Tous ces faits divers cruels sont liés, de manière artificielle, par les recherches entreprises par un médecin légiste inconsolable suite au suicide de sa compagne infidèle. Désireux d’approfondir la psychologie criminelle féminine il enquête sur les crimes du passé mais fini par conclure qu’il ne peut expliquer le geste de son épouse. Tout ça pour ça, donc.

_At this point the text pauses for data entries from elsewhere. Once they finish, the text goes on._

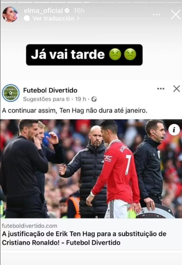 Duke postuar në rrjetet sociale, Elma Aveiro postoi një fotografi të një artikulli të titulluar, “Justifikimi i Erik Ten Hag për zëvendësimin e Cristiano Ronaldos”, me mbishkrimin, “Është shumë vonë”, së bashku me disa emoji të fytyrës së sëmurë.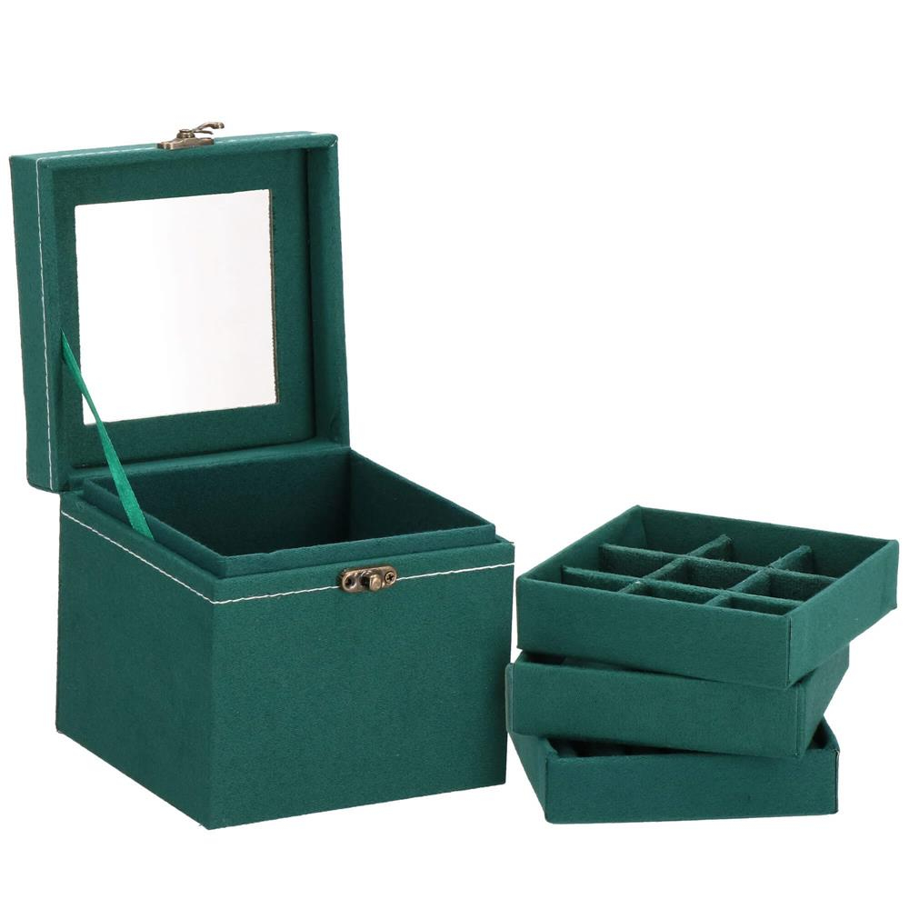 (DL) Cutie depozitare si organizare bijuterii, velur, 12x 12 x 12 cm, verde
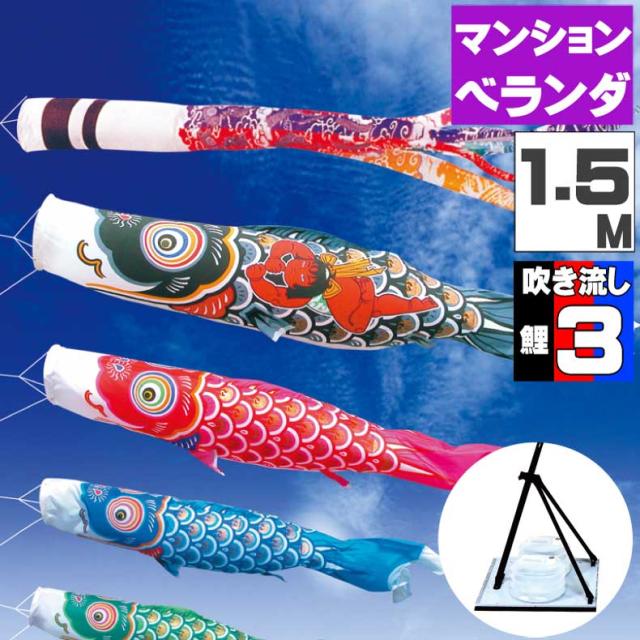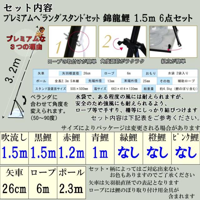 鯉のぼり こいのぼり ベランダ おしゃれ お洒落 マンション ベランダ用 屋外 プレミアムベランタ゛スタンドセット 錦龍鯉 1.5m 6点セット オシャレ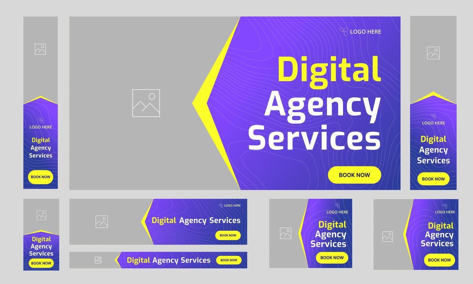 Digital agency services web bundle banner design for social media post, customizable web set banner design. Pro Vector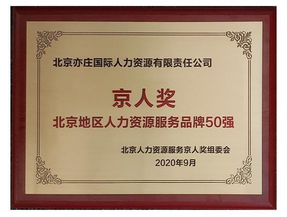 亦庄国际人力获评“2020北京地区人力资源服务品牌50强”

Beaucoup moins extrême que les autres volets de la saga, cet épisode des « Joys of torture » semblera sans doute timoré aux amateurs d’exploitation pure et dure. La violence y est atténuée et l’érotisme, en dépit de nombreuses scènes dénudées, moins présent que de coutume. Le tout, très inégal, ressemble dès lors à une sorte de faux documentaire, trafiqué et parfois maladroit, une œuvre partagée entre une réelle ambition (artistique et narrative) et une tendance à l’outrance destinée à appâter le client.

La construction sous forme de sketches courts et variés évite néanmoins l’ennui et DEVIANCES ET PASSION se regarde distraitement mais sans déplaisir pour les amateurs curieux du cinéma populaire nippon.